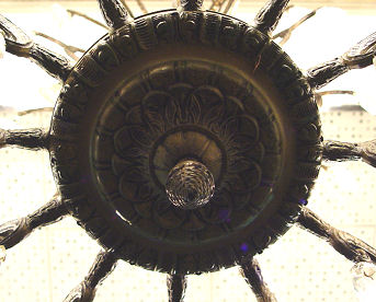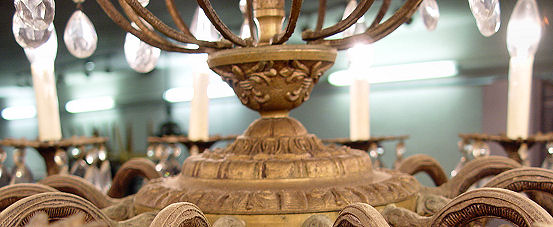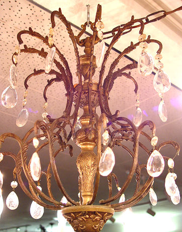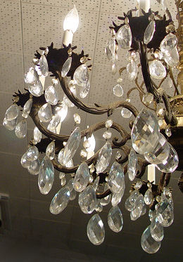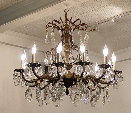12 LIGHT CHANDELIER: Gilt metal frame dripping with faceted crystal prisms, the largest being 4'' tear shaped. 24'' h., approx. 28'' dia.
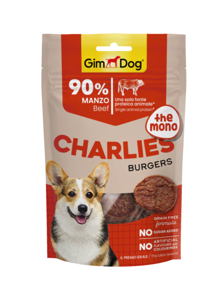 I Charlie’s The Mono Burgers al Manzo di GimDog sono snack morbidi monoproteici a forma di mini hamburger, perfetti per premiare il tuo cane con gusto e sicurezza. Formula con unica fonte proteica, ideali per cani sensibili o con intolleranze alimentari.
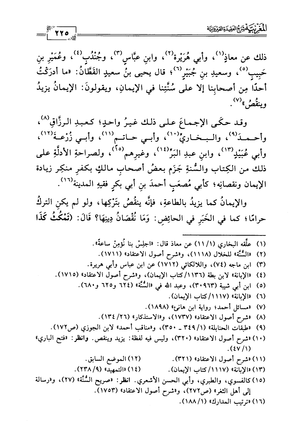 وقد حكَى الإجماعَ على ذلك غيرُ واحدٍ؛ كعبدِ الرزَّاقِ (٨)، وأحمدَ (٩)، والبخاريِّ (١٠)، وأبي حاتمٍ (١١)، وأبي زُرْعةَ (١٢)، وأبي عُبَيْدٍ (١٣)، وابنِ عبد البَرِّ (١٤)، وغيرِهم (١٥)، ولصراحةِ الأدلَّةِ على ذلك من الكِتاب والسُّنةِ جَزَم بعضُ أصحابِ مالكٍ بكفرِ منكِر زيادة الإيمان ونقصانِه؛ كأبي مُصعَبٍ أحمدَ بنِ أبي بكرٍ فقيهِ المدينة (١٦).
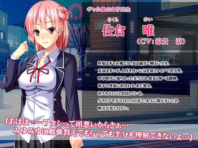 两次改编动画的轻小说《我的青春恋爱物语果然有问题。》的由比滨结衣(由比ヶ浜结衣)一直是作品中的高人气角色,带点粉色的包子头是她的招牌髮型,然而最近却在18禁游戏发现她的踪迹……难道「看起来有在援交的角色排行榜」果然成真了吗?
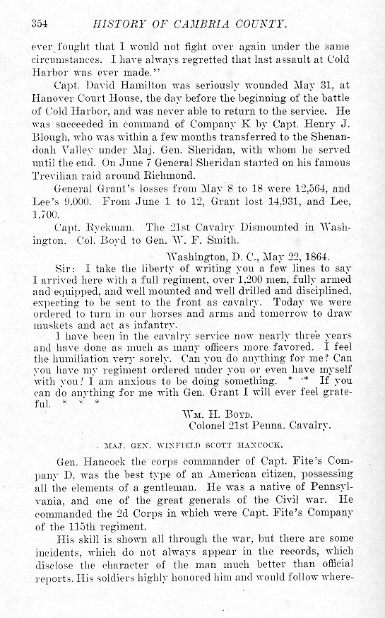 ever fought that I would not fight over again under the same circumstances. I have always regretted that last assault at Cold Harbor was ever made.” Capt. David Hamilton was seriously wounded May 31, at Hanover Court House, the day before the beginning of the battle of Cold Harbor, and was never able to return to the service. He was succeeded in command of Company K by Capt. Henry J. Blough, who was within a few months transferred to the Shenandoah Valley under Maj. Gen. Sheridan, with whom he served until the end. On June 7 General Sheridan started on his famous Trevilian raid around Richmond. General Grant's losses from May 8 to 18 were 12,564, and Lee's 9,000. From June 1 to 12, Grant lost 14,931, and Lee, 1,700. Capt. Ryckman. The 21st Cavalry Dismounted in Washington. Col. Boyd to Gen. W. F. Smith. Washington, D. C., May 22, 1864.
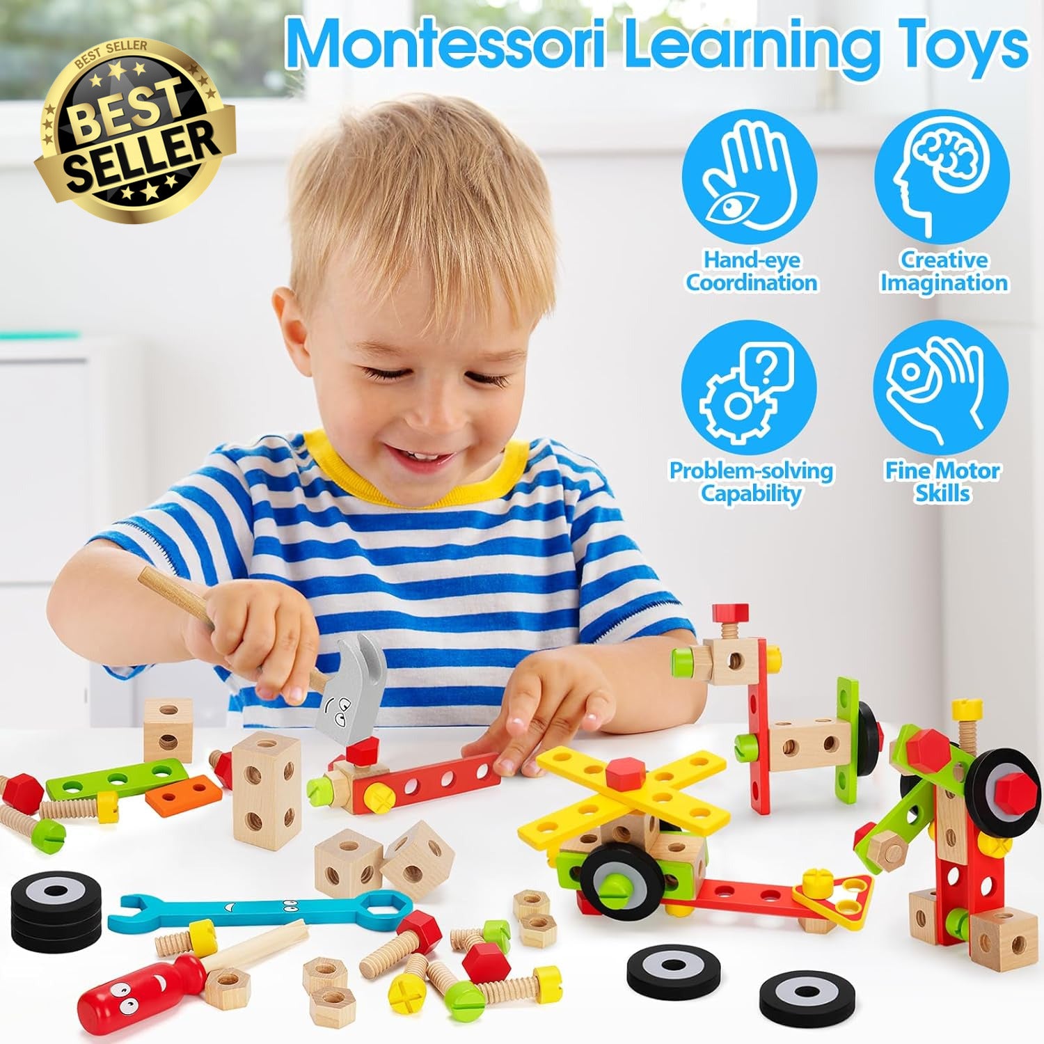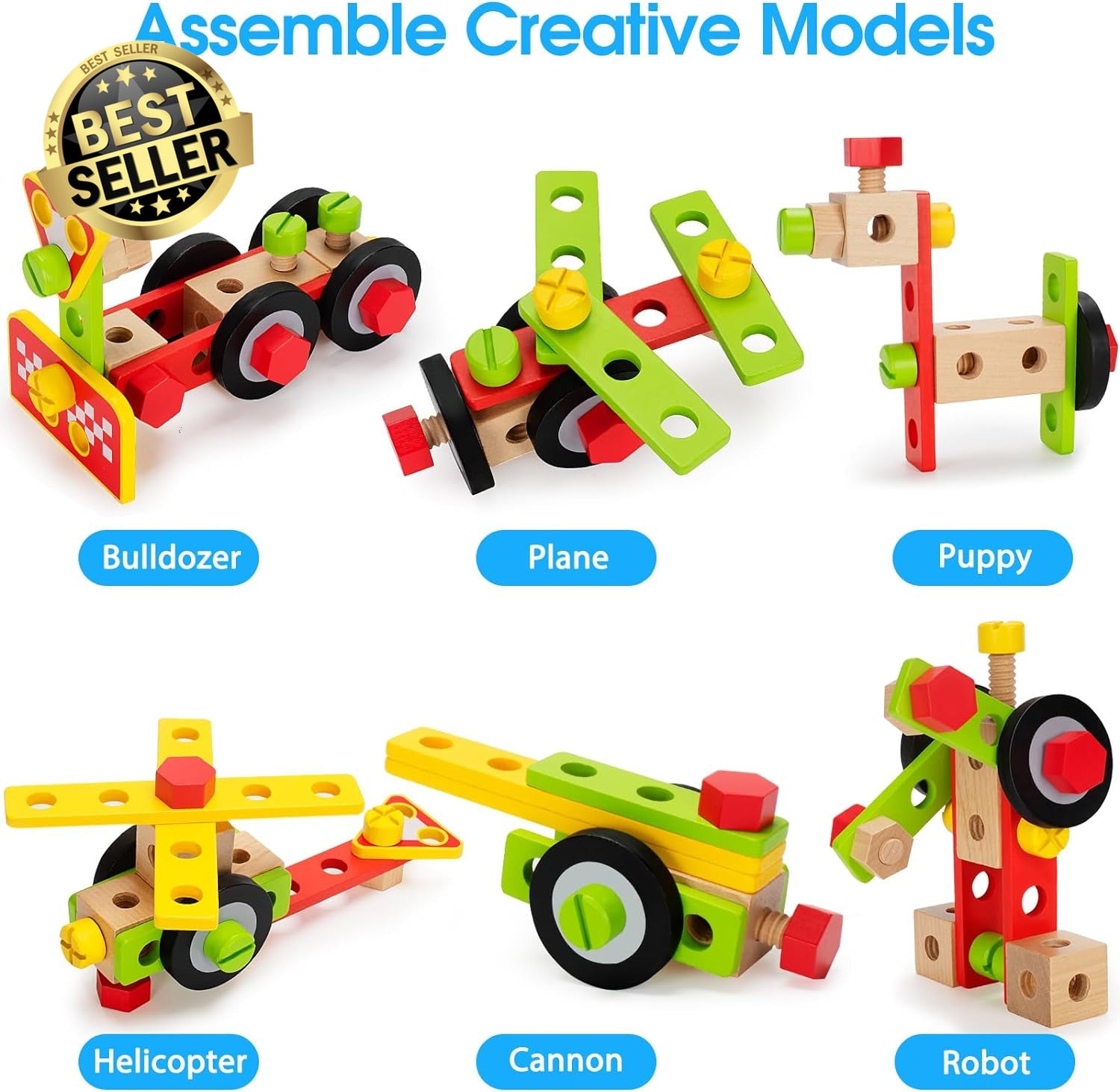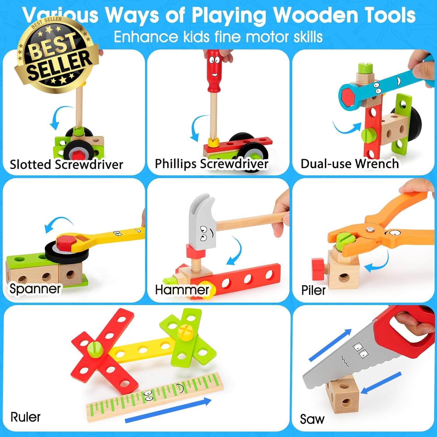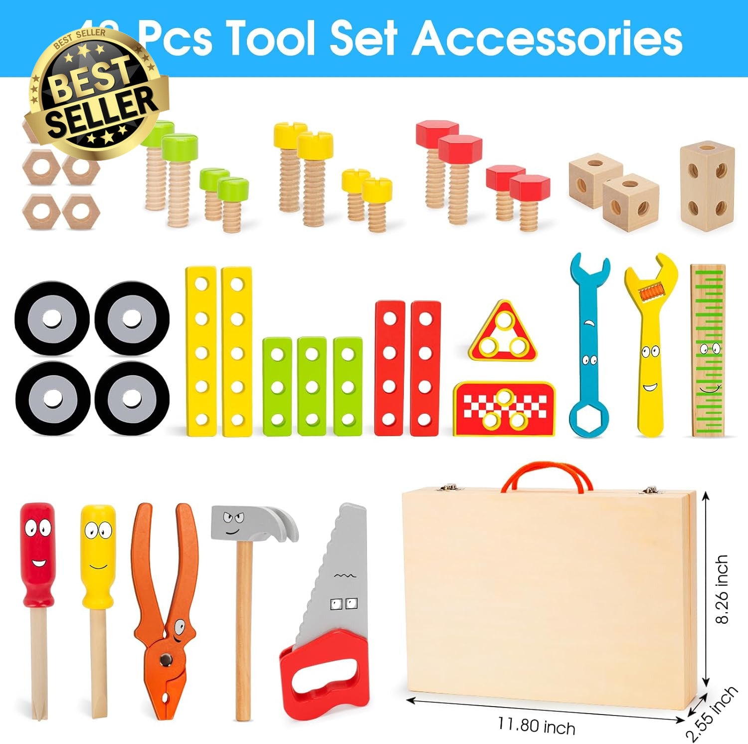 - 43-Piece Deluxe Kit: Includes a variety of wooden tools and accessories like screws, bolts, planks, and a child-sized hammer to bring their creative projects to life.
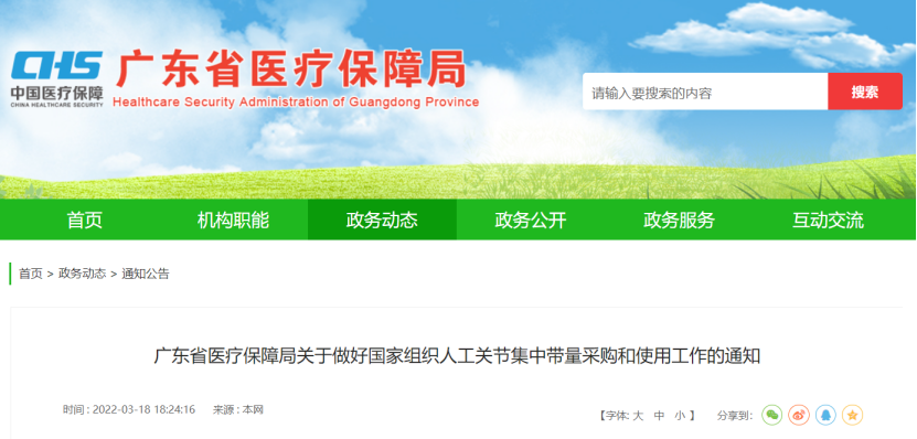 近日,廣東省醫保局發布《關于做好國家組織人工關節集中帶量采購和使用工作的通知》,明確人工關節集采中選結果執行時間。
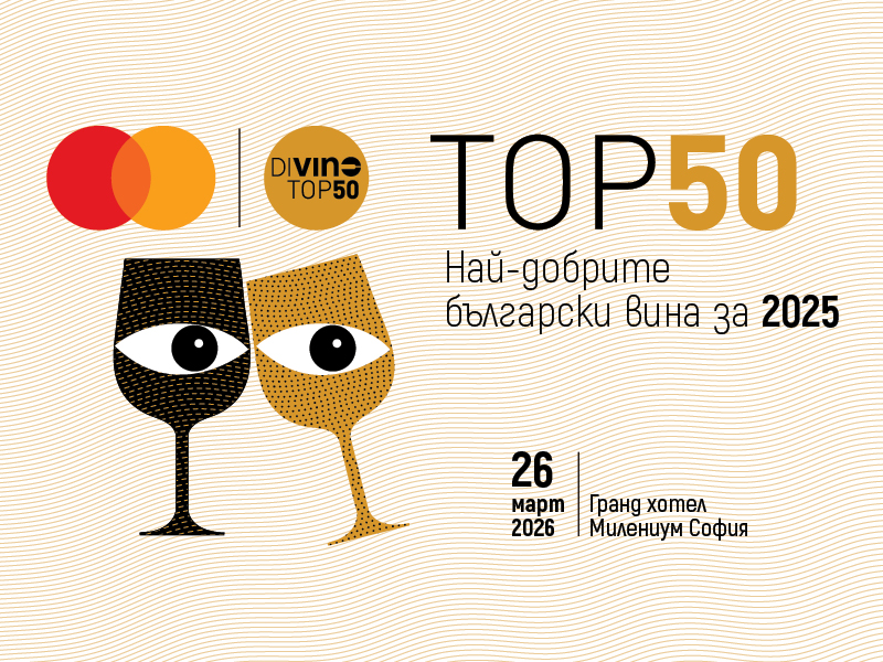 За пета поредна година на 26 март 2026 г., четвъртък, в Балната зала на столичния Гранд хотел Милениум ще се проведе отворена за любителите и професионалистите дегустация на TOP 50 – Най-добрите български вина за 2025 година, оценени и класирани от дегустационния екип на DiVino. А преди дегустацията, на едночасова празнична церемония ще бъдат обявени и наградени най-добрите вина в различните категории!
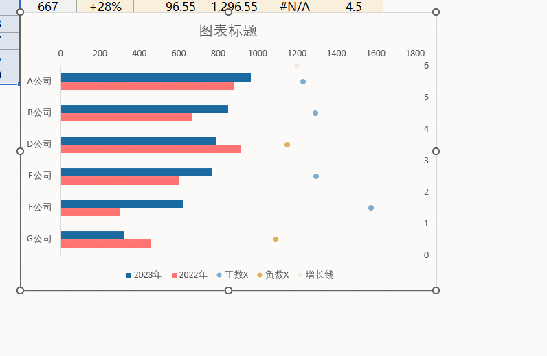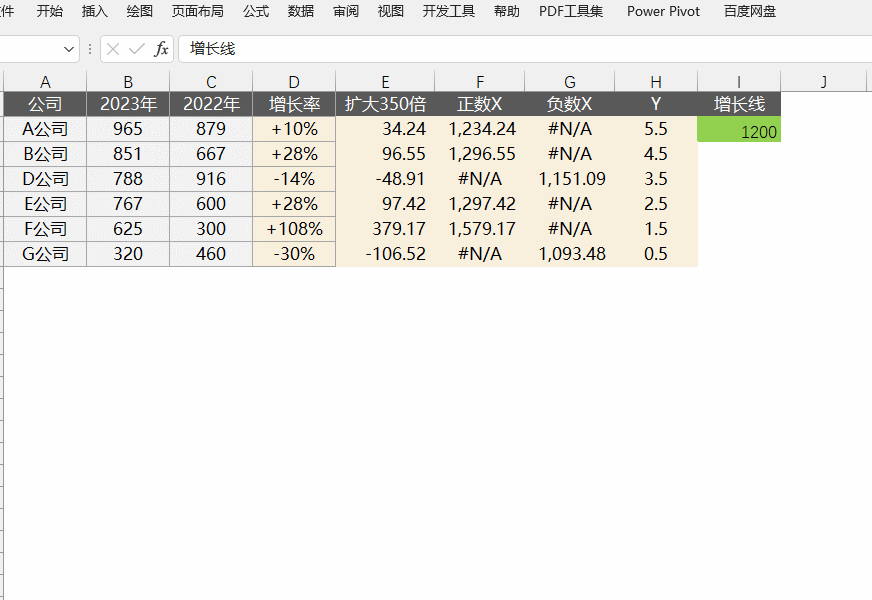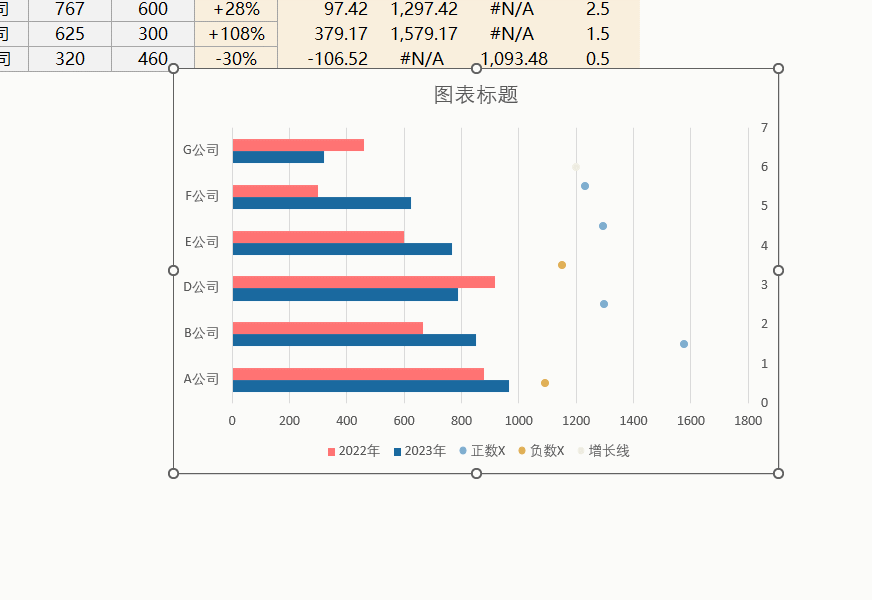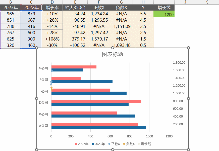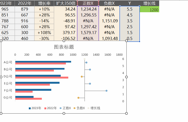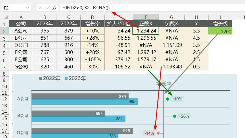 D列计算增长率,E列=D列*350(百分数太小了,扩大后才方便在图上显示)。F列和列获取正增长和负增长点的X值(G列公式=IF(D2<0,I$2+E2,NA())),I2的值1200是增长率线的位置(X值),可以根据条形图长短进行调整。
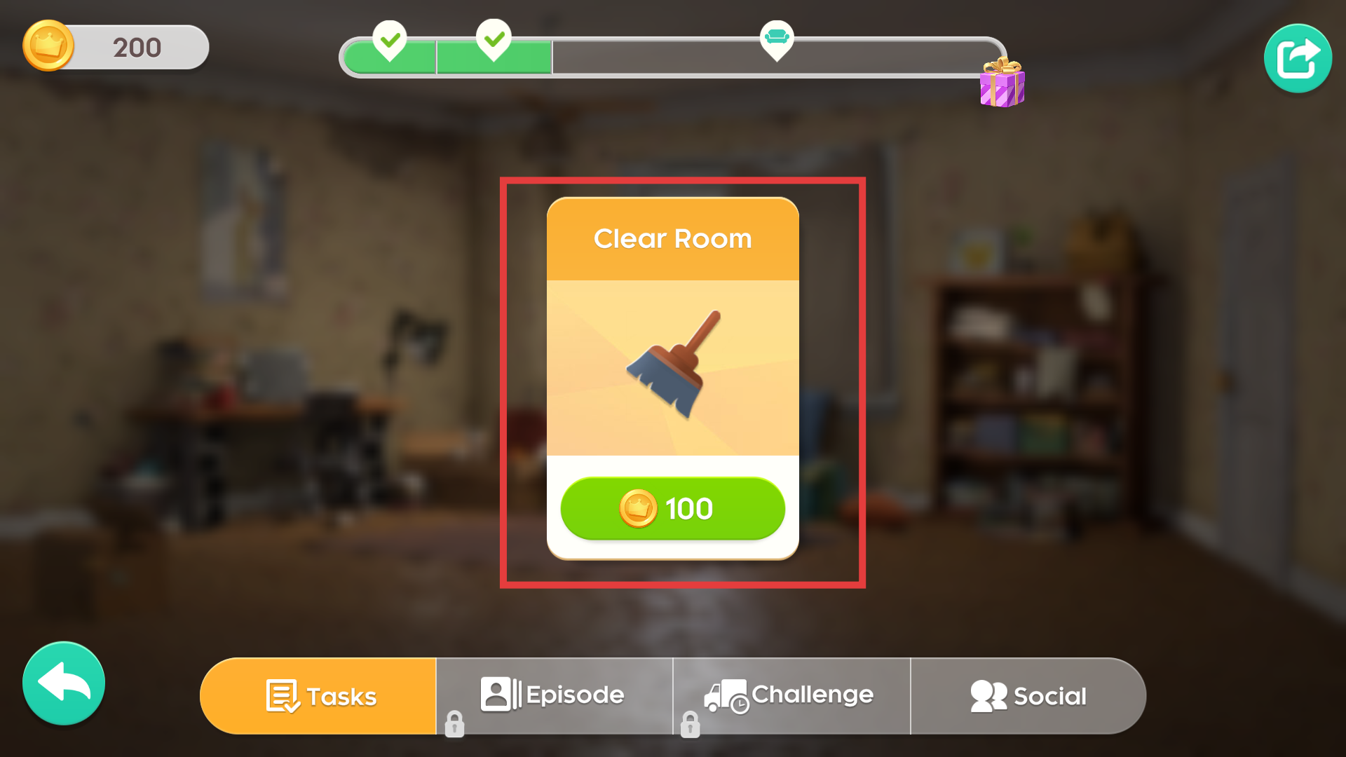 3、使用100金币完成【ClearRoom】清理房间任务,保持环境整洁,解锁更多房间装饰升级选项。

************

How to complete this task:
Reproduce, without alteration and without pictures, only those lines that lie between the first line of the entries above and the line containing "I Charlie’s The", both of them included.

Answer space:
12 LIGHT CHANDELIER: Gilt metal frame dripping with faceted crystal prisms, the largest being 4'' tear shaped. 24'' h., approx. 28'' dia.
 I Charlie’s The Mono Burgers al Manzo di GimDog sono snack morbidi monoproteici a forma di mini hamburger, perfetti per premiare il tuo cane con gusto e sicurezza. Formula con unica fonte proteica, ideali per cani sensibili o con intolleranze alimentari.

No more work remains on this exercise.